Conceived initially between friends during a heated discussion at an
Aceh coffee shop, postgraduate student Burhanuddin Alkhairy, 26, told
the Guardian his friends started the Twitter hashtag as a way to get
their message across to the Australia PM.



“We regret the link the Australian prime minister made between
tsunami aid and the execution of the drug dealers, they are two very
different things,” Alkhairy said. “This is our moral protest to his
statement.”



The Acehnese, he said, were angry that Abbott would suggest that aid
pledged after the 2004 Boxing Day Tsunami – a disaster that killed more
than 170,000 people in their province alone – would be offered conditionally and retroactively.



Alkhairy says his group never intended to take to streets and
actually collect coins but the movement has inspired others to do just
that.







One Muslim Student Action Union group on Friday set up a post in a main street in the capital to collect donations.


“We are ready to return the funds, and we ask that the death penalty
continues to save the young generation of Aceh and Indonesia,” said
Aziz Darliz, a member of the student group.

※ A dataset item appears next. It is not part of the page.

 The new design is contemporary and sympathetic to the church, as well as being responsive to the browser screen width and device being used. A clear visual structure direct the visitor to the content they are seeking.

Pictures on Twitter showed that collections continued in Banda Aceh
on Saturday with volunteers holding boxes with pictures of the
Australian flag stuck on the side asking motorists for donations.

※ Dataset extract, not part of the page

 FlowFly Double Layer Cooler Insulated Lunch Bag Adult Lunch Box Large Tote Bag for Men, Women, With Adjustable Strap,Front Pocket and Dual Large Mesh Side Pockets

“This movement needs to be serious,” said annoyed civil servant
Handayani, “It should not just be happening on social media but in real
life. We should collect the coins and send them to Abbott.”



Australia’s foreign minister, Julie Bishop, has attempted to smooth
over any fallout from Abbott’s comments, but in Jakarta the remarks have
not been well received either. “Threats are not part of diplomatic
language,” was the spiky reply from the foreign ministry earlier this
week.



“We do not respond to statements that are emotional, by nature
threatening. No,” the Indonesian foreign minister, Retno Marsudi, told
reporters at the presidential palace on Friday.



Indonesia has been forced to justify its use of the death penalty,
arguing that capital punishment is in line with international law and is
necessary to counter the country’s purported “drug emergency”.



Sentenced to death for their role in the Bali Nine
heroin trafficking ring, Chan and Sukumaran are next in line to be shot
dead by an Indonesian firing squad. The executions were postponed last
week, but officials have stressed the delay is only temporary.



Indonesia’s president, Joko Widodo, said on Friday the executions
were delayed for technical reasons only, while the attorney general has
emphasised that “nothing whatsoever” will prevent them from going ahead.